Dari Ruang Kos-kosan Menuju Indonesia
Merdeka Arif Gunawan Sulistiyono : Pemimpin Redaksi Tirto.id, Mantan Lead
Researcher CNBC Indonesia.com |
TIRTO.ID, 24 Oktober 2022
Pada awalnya
adalah kebutuhan kolonialisme akan tenaga terampil. Dari situ, pemerintah
Hindia Belanda membuka pendidikan bagi rakyat Indonesia. Siapa sangka, benih
nasionalisme justru ikut muncul dari tempat yang tak terprediksi, yakni di
kamar-kamar kos dan kontrakan. Menurut Momon
Abdul Rahman dkk dalam buku Sumpah Pemuda: Latar Sejarah dan Pengaruhnya bagi
Pergerakan Nasional (2008), Indonesia memiliki sekolah modern pertama di pada
24 Februari 1817. Sekolahnya ada
dua, yakni di Weltevreden (sekarang kawasan Gambir) dan Molenvlier (kawasan
Gajah Mada), Jakarta. Sayangnya, sekolah tersebut hanya diperuntukkan khusus
bagi keluarga bupati-bupati Jawa. Perlu 31 tahun
bagi pemerintah Hindia Belanda untuk mengizinkan adanya sekolah yang dibuka
untuk umum—atau istilahnya untuk kaum pribumi, yakni pada 30 Desember 1848.

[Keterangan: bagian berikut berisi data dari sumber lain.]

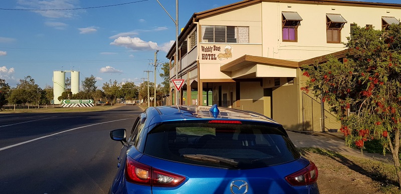 It’s mid-afternoon, bewitching time for wildlife, so it’s with caution and eyes wide that I travelling this section. There’s a lovely new Shell on the way into Boggabilla and the old Wobbly Boot Hotel is still there…although I don’t think it is open anymore as all the windows seemed to be boarded up. Still I had to stop for a pic.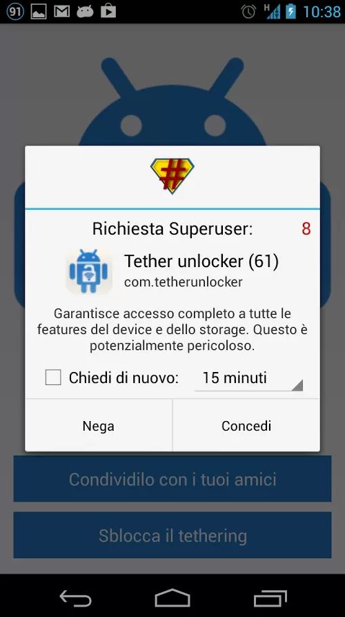 Questa app può bypassare le restrizioni per il tethering da dispositivi android da 4.1.2 in poi.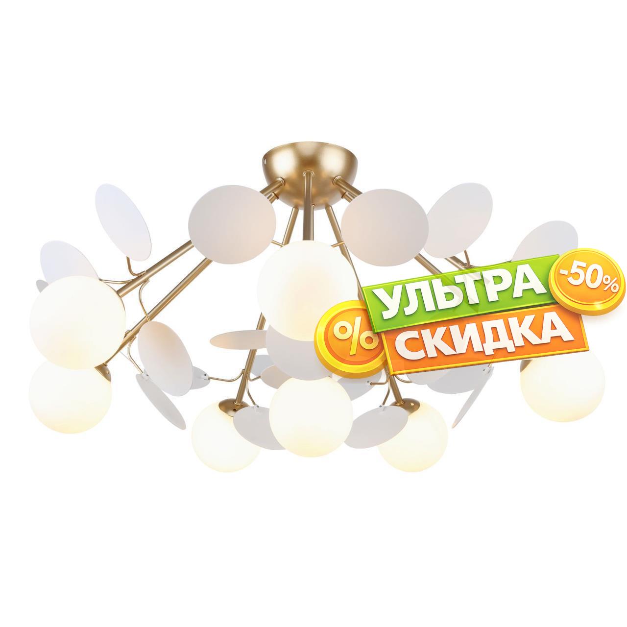 | Описание светильника | Металлический каркас золотого цвета, круглые стеклянные плафоны молочного цвета, декоративные круглые белые пластины. |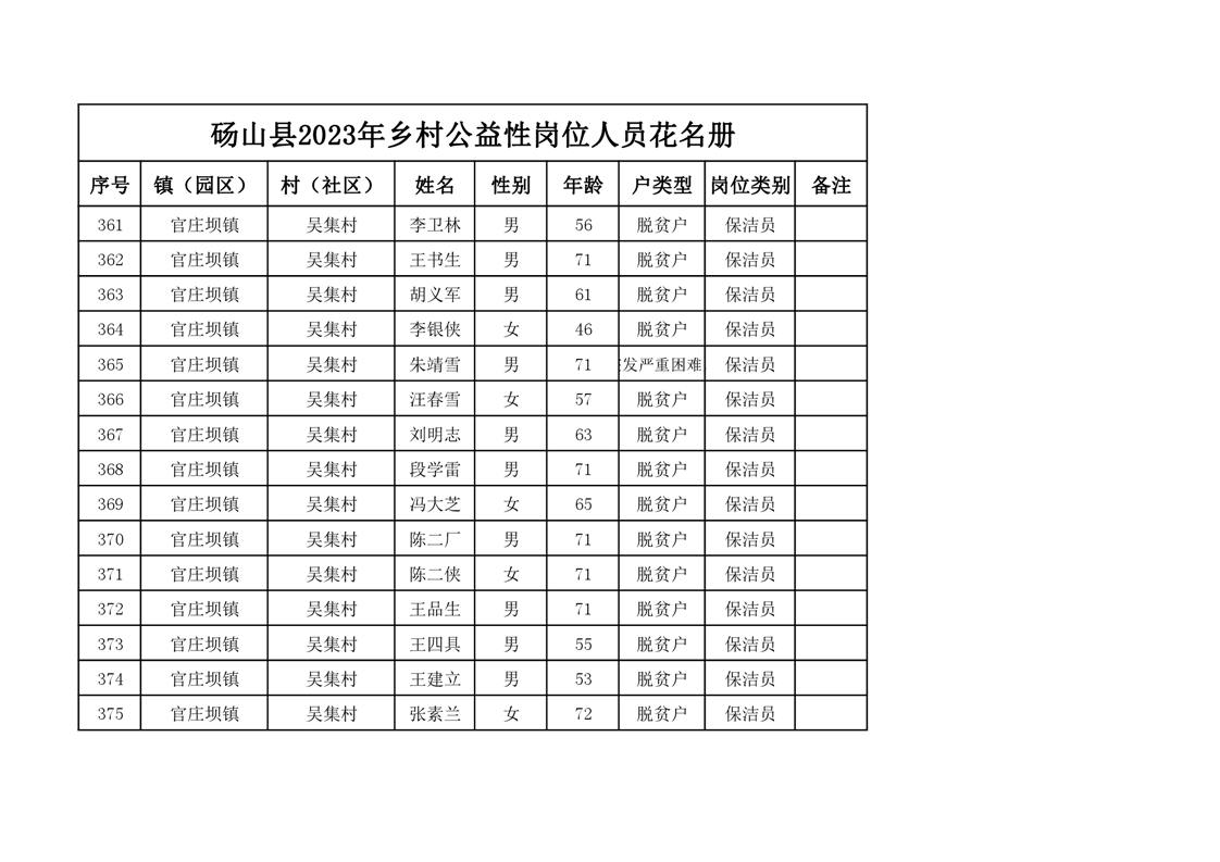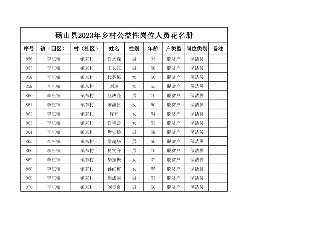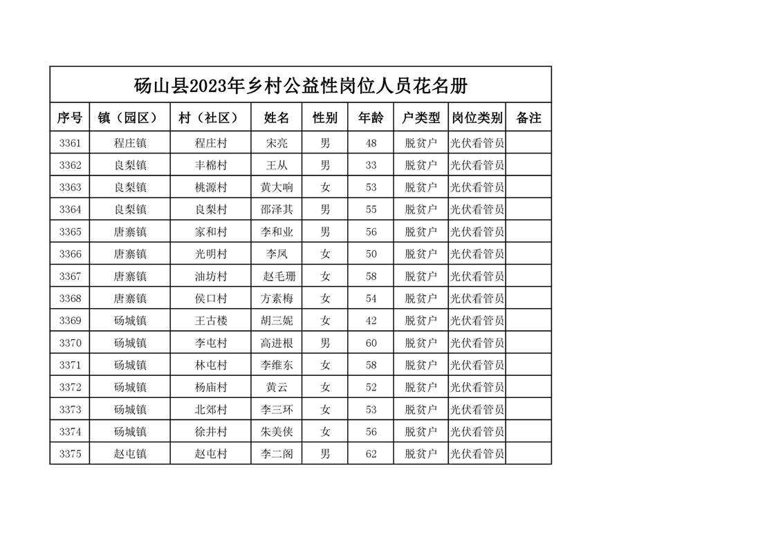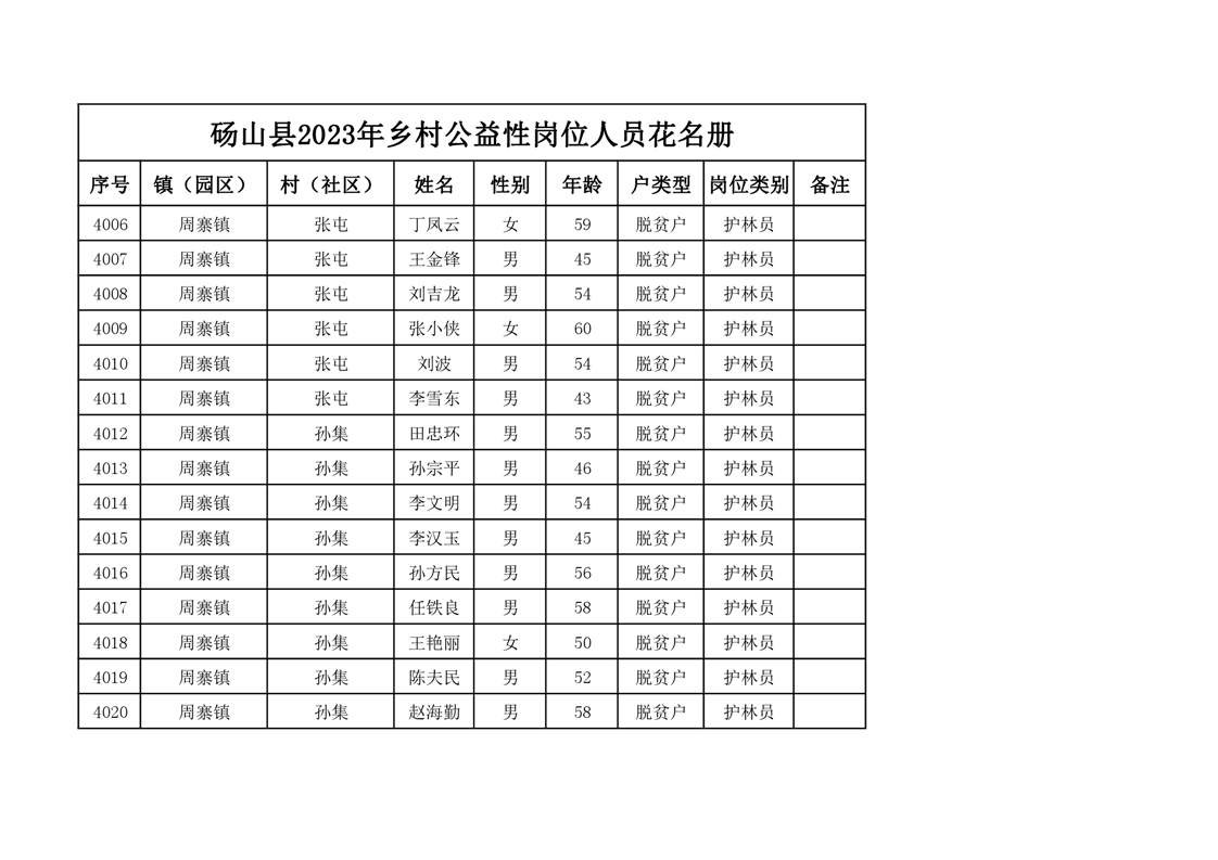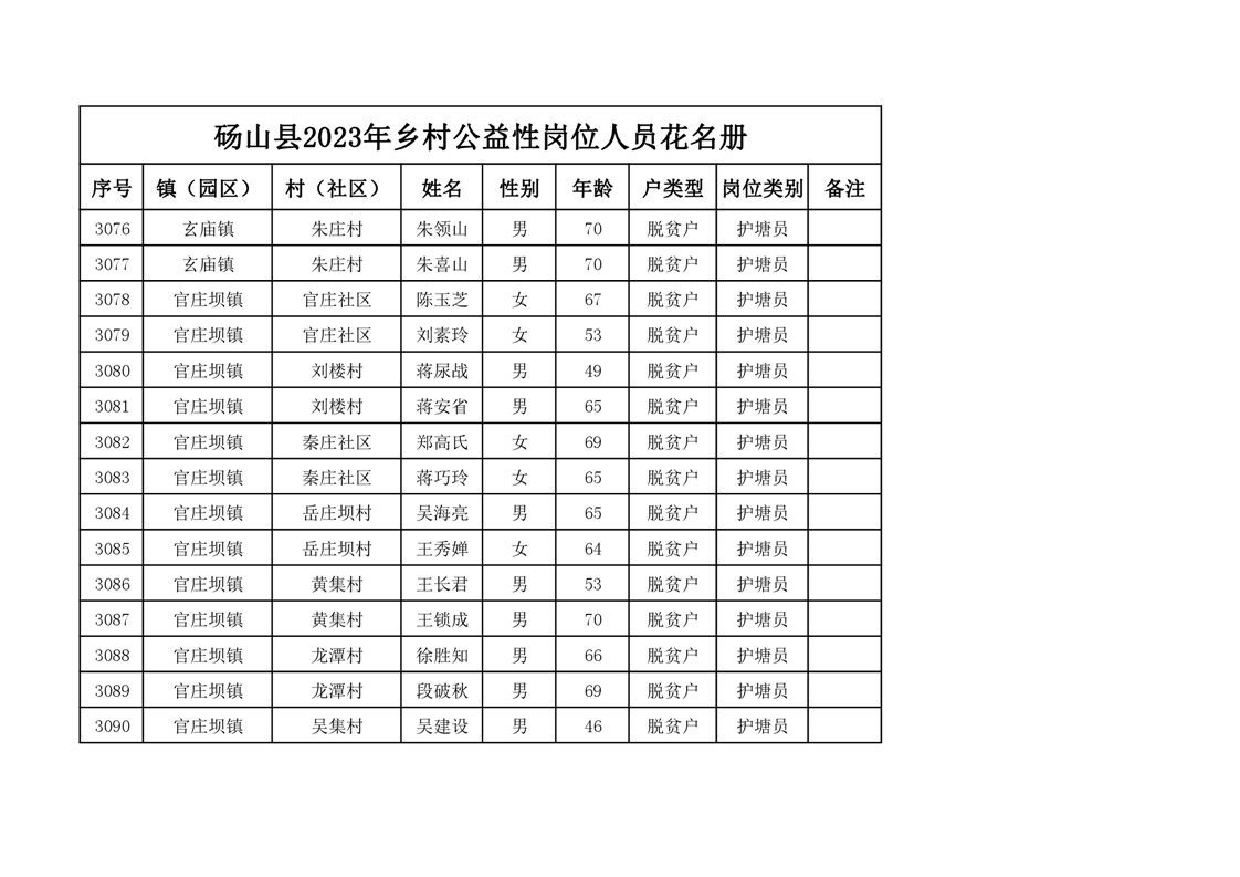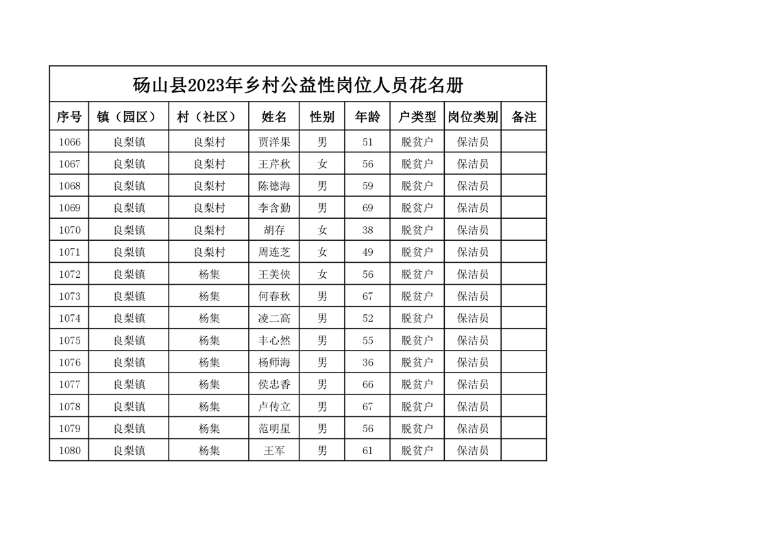附件:砀山县2023年乡村公益性岗位拟安置人员花名册

Lokasinya lebih merata, yakni di ibukota karesidenan, kabupaten, kawedanan,
dan kota pusat bisnis. Meski
tingkatnya hanyalah sekolah dasar, biayanya begitu mahal sehingga hanya
anak-anak dari keluarga priyayi dan kalangan berada yang bisa menikmati.
Sekolah menengah menyusul dibuka, 12 tahun kemudian, yakni pada tahun 1860. Barulah pada
tahun 1900-an sekolah-sekolah tinggi setara universitas dibuka untuk umum.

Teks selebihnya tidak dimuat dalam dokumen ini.